Asked by the Guardian to respond to the criticisms Caruana Galizia made of him and his party, Bedingfield said she would often use her blog to encourage readers to post photos of Labour politicians in private moments with their families.
“She was more of a political commentator than a journalist, with her own agenda,” said Bedingfield, now a Labour MP. “She used her blog on the net to target and hound individuals. There was a feeling among Labour supporters that only a taste of her own medicine would deter her.”
The MP said he had never advocated violence against Caruana Galizia, or any other Maltese citizen. He said Malta had a “very lively media”, which was often critical of government.
Caruana Galizia married young and had three children by her mid-20s when she was hired as a columnist by the Sunday Times of Malta. Until then, she recalled, comment pieces had been written anonymously.
“Malta got its first named newspaper columnist and it was a 25-year-old woman. And this thing was a double shock. And I used to have people actually telling me: ‘But does your husband write them for you? Does your father? Does your brother?’”

Becoming well known at a young age prepared her for what was to come, she said.

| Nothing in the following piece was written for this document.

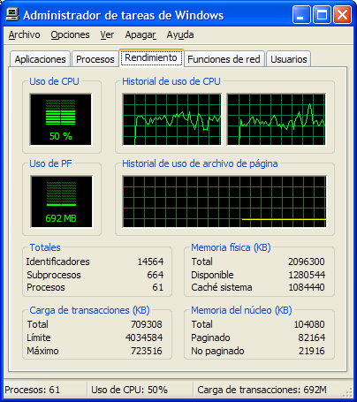 Pues ahora, estoy haciendo para mí proyecto unas simulaciones con matlab, y necesitaría que la máquina que funcionase al 100 % para no tener que dormirme cada vez que simulo. Sé que cuando renderizo, la utilización de la CPU sí es del 100 %, pero no sé porque, con matlab, llega al umbral del 50 % y ahí se para. Además, no es ni siquiera porque sólo utilice uno de los dos núcleos, sino que lo hace de manera que, utiliza los dos, al 50 %. Os he puesto una captura para ver si me podéis ayudar.

“I literally know no other way of life. I got used to it, like, you know, like a scar forms around a wound.”
The attempts to silence her began early on, according to a list of attacks compiled by the family. In 1995, after reporting on the activity of a drug trafficker, their dog’s throat was slit and its body left at the door of their home.
In 2006, truck tyres were piled up and set on fire against their back door in the middle of the night.
During the 2008 general election, Caruana Galizia and her youngest son, Paul, then a 19-year-old student, attended a political debate at the University of Malta. Throughout the event they were filmed and photographed at close range, before Labour-supporting media broadcast the footage on television and online.
By then, Caruana Galizia’s support for the Nationalist party had made her a target in Malta’s tribal, two-party system. The Labour campaign plastered her face on billboards, depicting her as a member of the ruling elite.
In 2013, the mayor of a Maltese town led a mob that followed Caruana Galizia through the streets, insulting her and chanting slogans, until she sought refuge in a convent. The nuns bolted the door and called the police.
When Labour won power five years ago, the harassment intensified. It now appeared to be, in effect, government-sanctioned harassment.
Caruana Galizia feared for her family. Her husband, Peter, saw government contracts withdrawn from his law firm. Last year her son Andrew, a diplomat, was recalled from India with two weeks’ notice. He has since quit his job.
Responding to questions about Andrew’s departure, the prime minister said in an email from his spokesman that he did not involve himself in individual staffing matters, and that he had been assured “nothing irregular occurred and that all proper and correct procedures were followed”.
Caruana Galizia’s biggest fear was that her example might discourage other journalists, women in particular, from speaking out. She described a “climate of fear”, saying “all journalists in Malta know that they are operating under the goodwill of those they write about”.
Before Caruana Galizia was killed, there were 47 libel suits outstanding against her, but she remained defiant. Towards the end of their interview, she told the researcher: “There isn’t one politician in parliament now, on either side of the house, who was there when I started working. I’ve seen them all off, you know, and I am still here, being targeted by the same machine.”
• This article was amended on 18 April 2018. The recording was made 10 days before her death, not six, as we said originally.